Items listed in a dataset
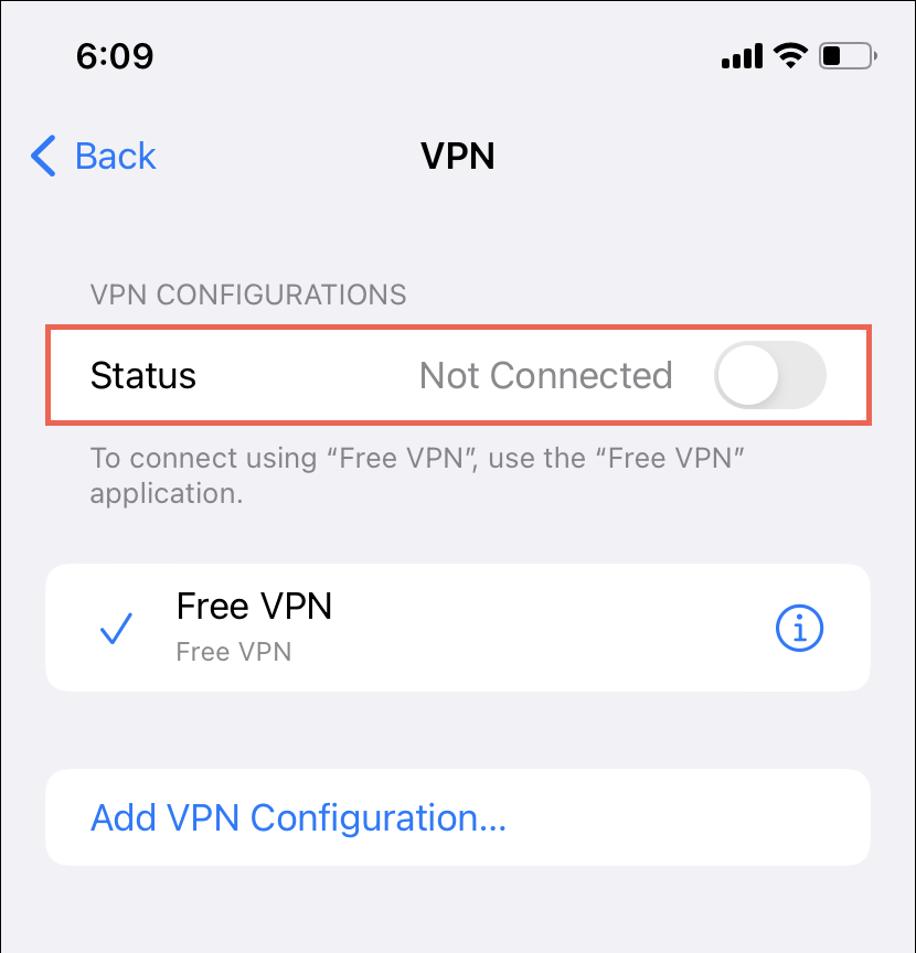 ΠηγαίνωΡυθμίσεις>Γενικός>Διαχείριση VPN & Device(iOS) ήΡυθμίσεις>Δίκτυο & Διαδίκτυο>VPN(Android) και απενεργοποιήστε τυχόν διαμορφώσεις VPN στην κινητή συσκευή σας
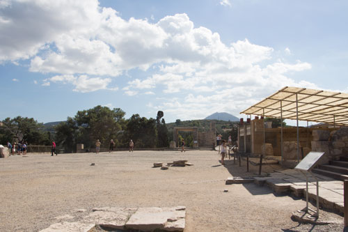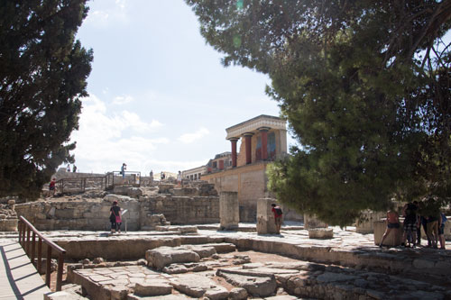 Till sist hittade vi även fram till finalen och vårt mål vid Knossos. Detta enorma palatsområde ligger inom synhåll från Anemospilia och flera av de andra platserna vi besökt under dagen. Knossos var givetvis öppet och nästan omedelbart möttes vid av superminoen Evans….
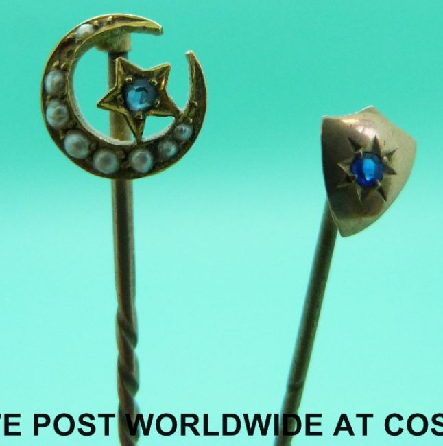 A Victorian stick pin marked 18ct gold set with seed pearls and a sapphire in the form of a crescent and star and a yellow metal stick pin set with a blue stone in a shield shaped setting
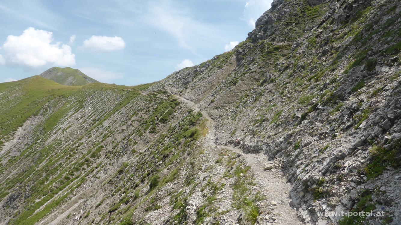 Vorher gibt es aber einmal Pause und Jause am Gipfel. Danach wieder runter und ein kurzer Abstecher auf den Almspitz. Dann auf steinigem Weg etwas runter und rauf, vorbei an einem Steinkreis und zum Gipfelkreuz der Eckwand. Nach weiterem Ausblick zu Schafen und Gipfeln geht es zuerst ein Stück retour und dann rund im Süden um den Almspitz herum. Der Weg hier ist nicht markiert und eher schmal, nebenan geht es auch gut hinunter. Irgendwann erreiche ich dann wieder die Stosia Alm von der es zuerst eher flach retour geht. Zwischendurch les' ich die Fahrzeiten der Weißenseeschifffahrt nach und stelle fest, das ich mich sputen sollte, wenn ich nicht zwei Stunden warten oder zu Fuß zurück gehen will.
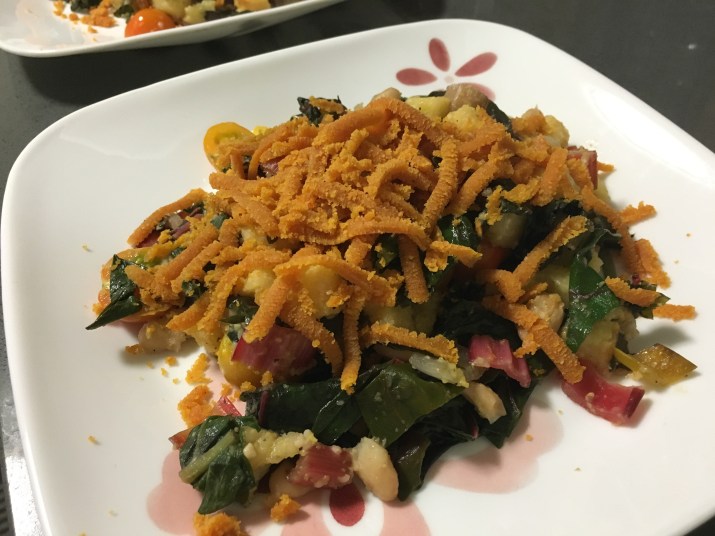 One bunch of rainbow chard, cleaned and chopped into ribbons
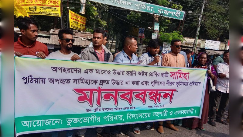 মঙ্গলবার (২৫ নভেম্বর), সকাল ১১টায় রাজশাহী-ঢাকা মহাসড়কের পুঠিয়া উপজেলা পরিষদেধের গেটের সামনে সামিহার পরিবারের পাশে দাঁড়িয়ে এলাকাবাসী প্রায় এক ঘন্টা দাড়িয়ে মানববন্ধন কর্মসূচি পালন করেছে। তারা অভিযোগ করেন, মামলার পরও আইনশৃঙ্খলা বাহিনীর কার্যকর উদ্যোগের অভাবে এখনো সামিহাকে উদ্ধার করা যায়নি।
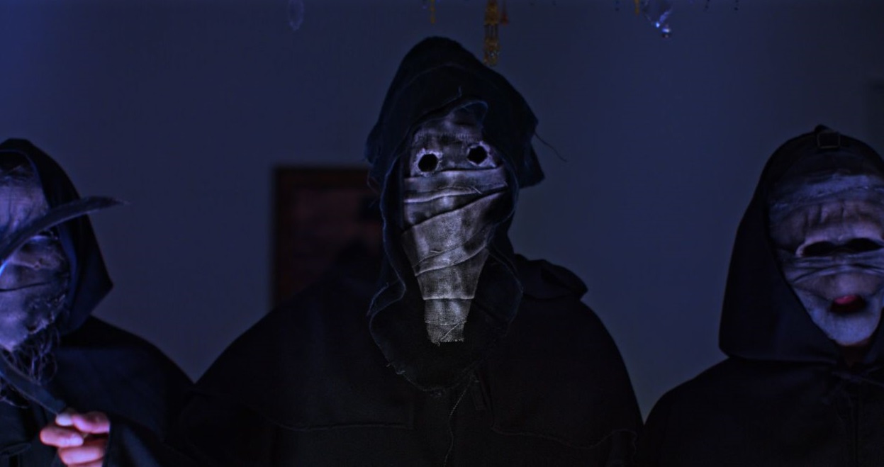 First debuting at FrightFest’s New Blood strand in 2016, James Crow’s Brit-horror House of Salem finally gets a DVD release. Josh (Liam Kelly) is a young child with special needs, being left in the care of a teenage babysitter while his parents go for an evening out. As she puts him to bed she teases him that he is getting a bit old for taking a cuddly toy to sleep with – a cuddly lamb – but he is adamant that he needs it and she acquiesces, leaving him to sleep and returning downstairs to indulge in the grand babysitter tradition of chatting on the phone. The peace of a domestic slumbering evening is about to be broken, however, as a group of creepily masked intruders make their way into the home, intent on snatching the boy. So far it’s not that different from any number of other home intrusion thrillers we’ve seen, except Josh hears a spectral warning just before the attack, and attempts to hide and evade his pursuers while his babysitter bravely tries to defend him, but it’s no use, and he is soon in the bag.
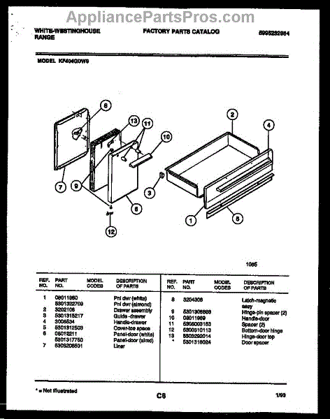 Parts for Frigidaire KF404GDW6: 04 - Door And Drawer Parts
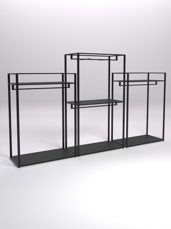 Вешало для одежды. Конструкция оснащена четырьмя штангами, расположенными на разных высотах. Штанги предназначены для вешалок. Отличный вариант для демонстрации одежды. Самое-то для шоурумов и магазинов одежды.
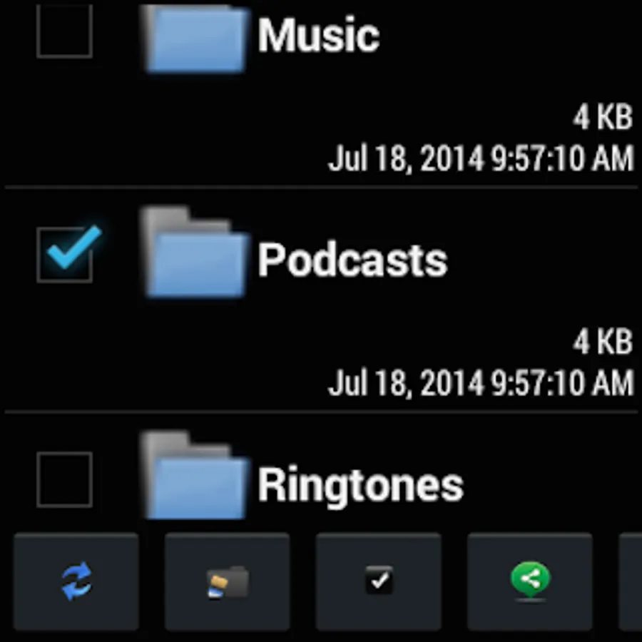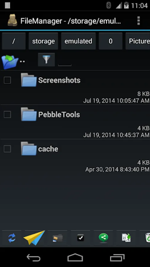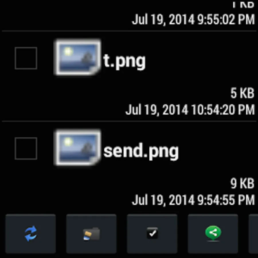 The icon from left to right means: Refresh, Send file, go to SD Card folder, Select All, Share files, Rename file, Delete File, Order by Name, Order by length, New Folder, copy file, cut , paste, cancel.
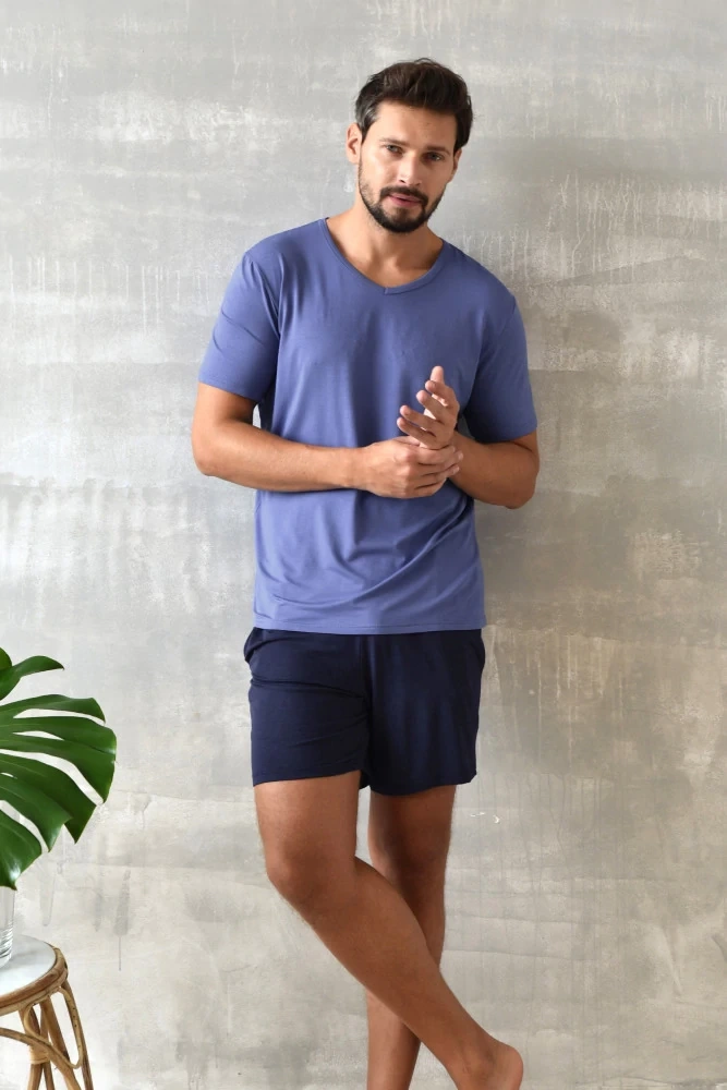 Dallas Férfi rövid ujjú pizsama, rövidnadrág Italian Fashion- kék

- YOUR TASK -
Your task is to repeat, word for word and with no picture, every line from the one that contains "The icon from" through the last line of the data.

- ANSWER SECTION -
 The icon from left to right means: Refresh, Send file, go to SD Card folder, Select All, Share files, Rename file, Delete File, Order by Name, Order by length, New Folder, copy file, cut , paste, cancel.
 Dallas Férfi rövid ujjú pizsama, rövidnadrág Italian Fashion- kék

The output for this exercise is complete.